[Provided data]
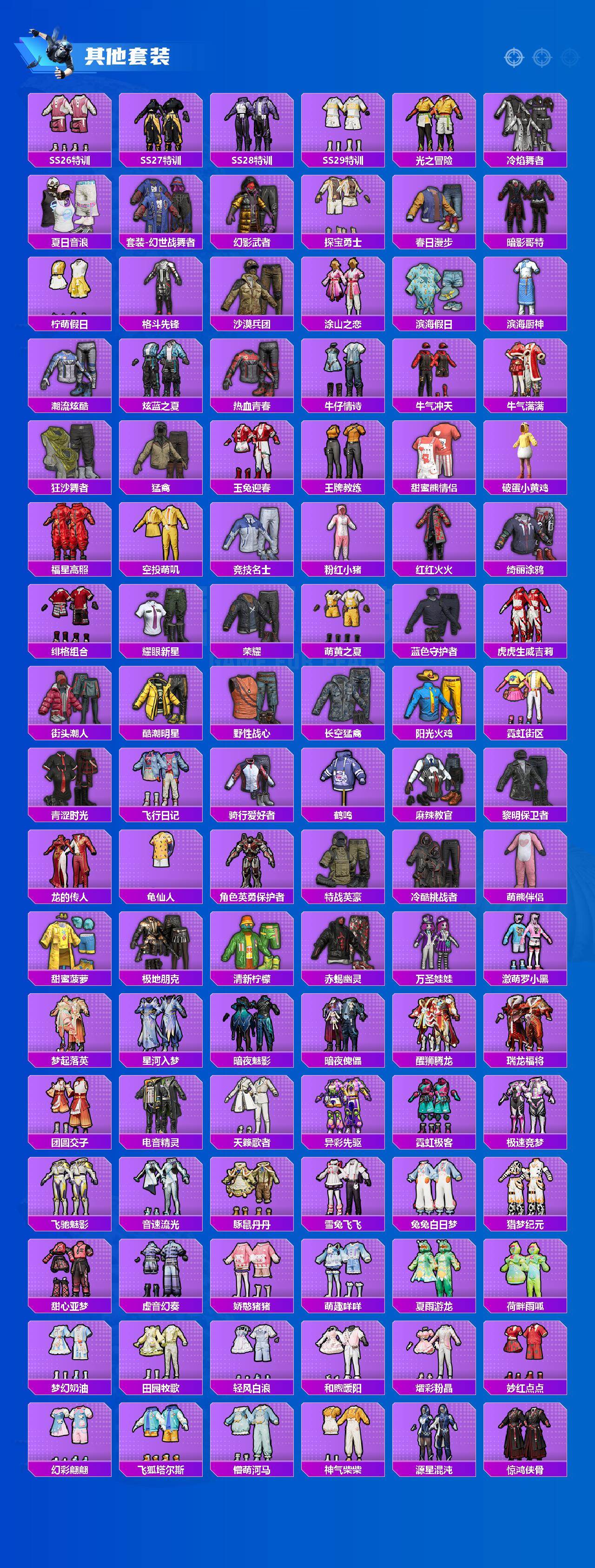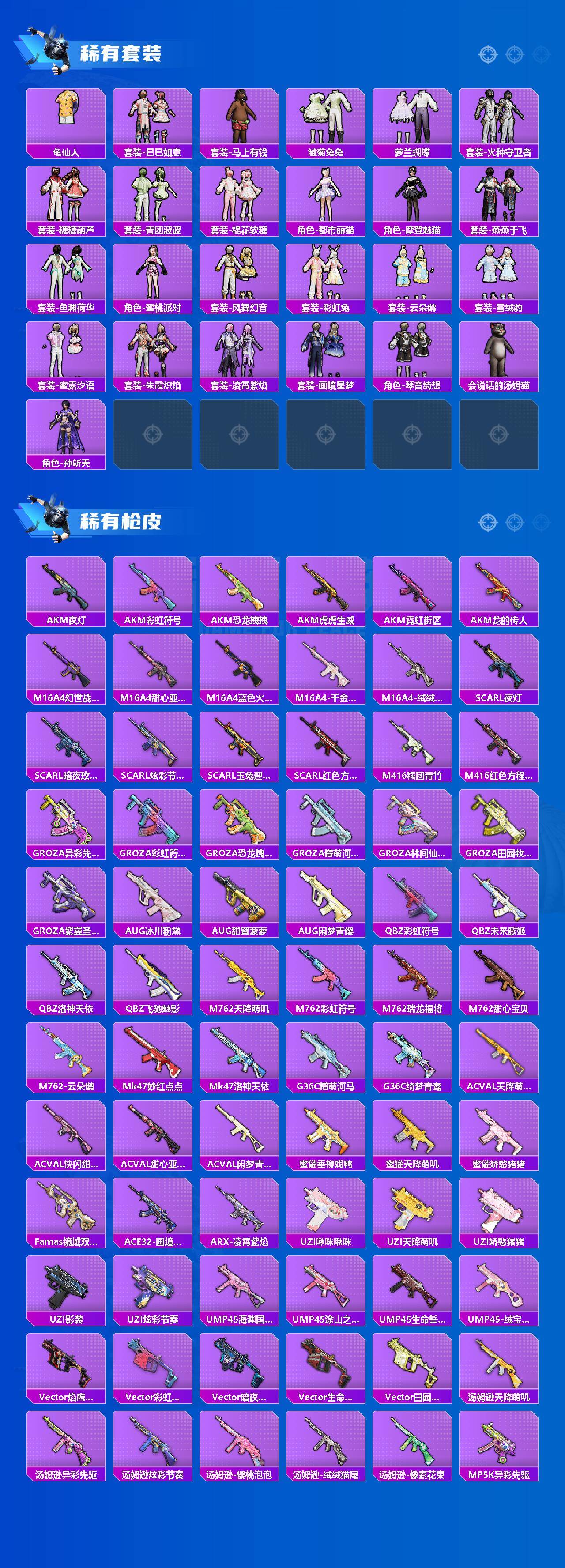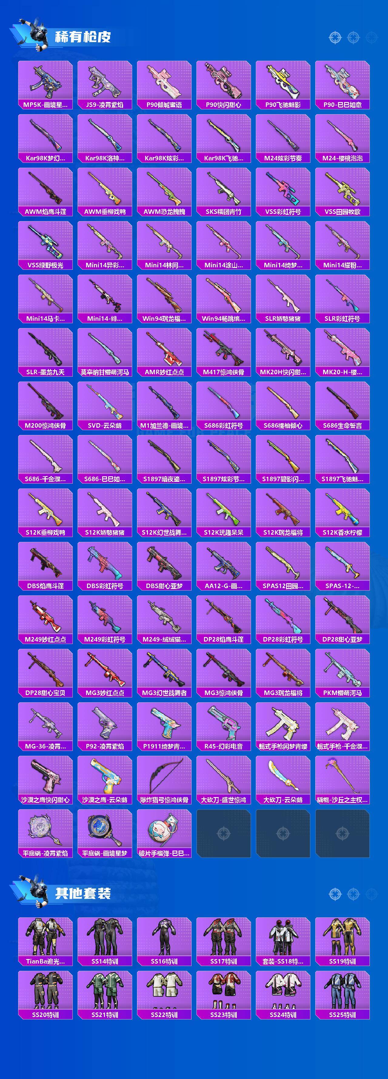 【粉色枪皮】:AKM-炫紫旋律,SCAR-L-纯梦嫁纱,M416-风花雪月,M416-超新星,GROZA-焦糖拿铁,GROZA-镜光银凌,AUG-超新星,UMP45-恐龙拽拽,Kar98K-巳巳如意,SKS-碧影闪光,Mk14-甜梦熊击,Mk14-福马献瑞,DP-28-千金淑猫,DP-28-豹影疾电,MG3-洛神天依,烟雾弹-丁香清露
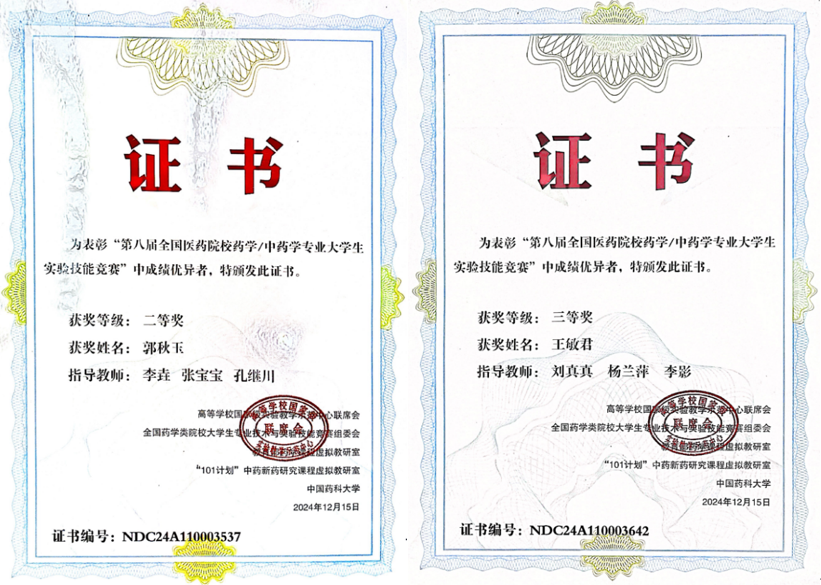 2024年12月13日-15日,由教育部高等学校国家级实验教学示范中心联席会、全国药学类院校大学生专业技术与实验技能竞赛组委会、教育部“药学课程”虚拟教研室、“101计划”中药新药研究课程虚拟教研室和中国药科大学主办,成都中医药大学承办的“第八届全国医药院校药学/中药学专业大学生实验技能展示活动”在四川成都举行。医学院2021级药学专业本科生郭秋玉、王敏君参加了此次比赛。经过长达五个小时的理论测试与技能操作两轮展示环节,郭秋玉、王敏君两名同学以优异成绩分别获得大赛的第二、三等奖。
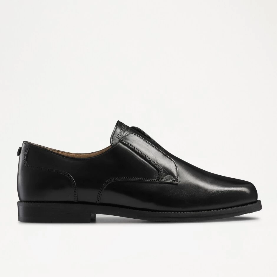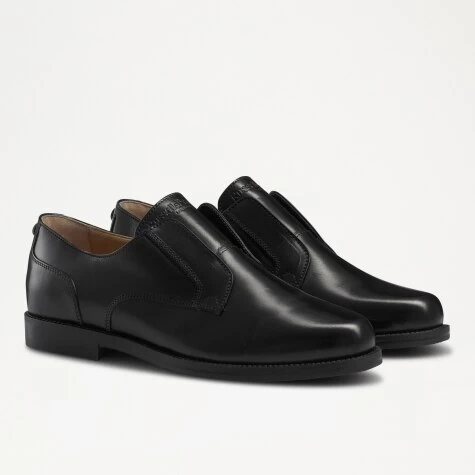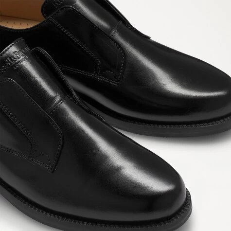 A new addition to our iconic smart shoes range, Monument is a laceless slip-on style. Made in Italy from polished black calf leather, the design is sleek and soft to the touch. Constructed using a streamlined silhouette, the upper is divided into panelled sections with stitch detailing to create a captivating look. Debossed logo branding decorates the tongue, while a branded logo stud finishes off the heel counter. It comes complete on a lightweight leather sole with small stack heel and durable rubberised finish.
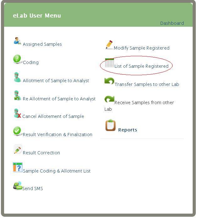 You can also search individually by Sample type/Lab no/received date/Sample code/District name/Taluka Name/

[Exercise aim] Without including any picture, reproduce all of the material exactly.

[Reply]
 【粉色枪皮】:AKM-炫紫旋律,SCAR-L-纯梦嫁纱,M416-风花雪月,M416-超新星,GROZA-焦糖拿铁,GROZA-镜光银凌,AUG-超新星,UMP45-恐龙拽拽,Kar98K-巳巳如意,SKS-碧影闪光,Mk14-甜梦熊击,Mk14-福马献瑞,DP-28-千金淑猫,DP-28-豹影疾电,MG3-洛神天依,烟雾弹-丁香清露
 2024年12月13日-15日,由教育部高等学校国家级实验教学示范中心联席会、全国药学类院校大学生专业技术与实验技能竞赛组委会、教育部“药学课程”虚拟教研室、“101计划”中药新药研究课程虚拟教研室和中国药科大学主办,成都中医药大学承办的“第八届全国医药院校药学/中药学专业大学生实验技能展示活动”在四川成都举行。医学院2021级药学专业本科生郭秋玉、王敏君参加了此次比赛。经过长达五个小时的理论测试与技能操作两轮展示环节,郭秋玉、王敏君两名同学以优异成绩分别获得大赛的第二、三等奖。
 A new addition to our iconic smart shoes range, Monument is a laceless slip-on style. Made in Italy from polished black calf leather, the design is sleek and soft to the touch. Constructed using a streamlined silhouette, the upper is divided into panelled sections with stitch detailing to create a captivating look. Debossed logo branding decorates the tongue, while a branded logo stud finishes off the heel counter. It comes complete on a lightweight leather sole with small stack heel and durable rubberised finish.
 You can also search individually by Sample type/Lab no/received date/Sample code/District name/Taluka Name/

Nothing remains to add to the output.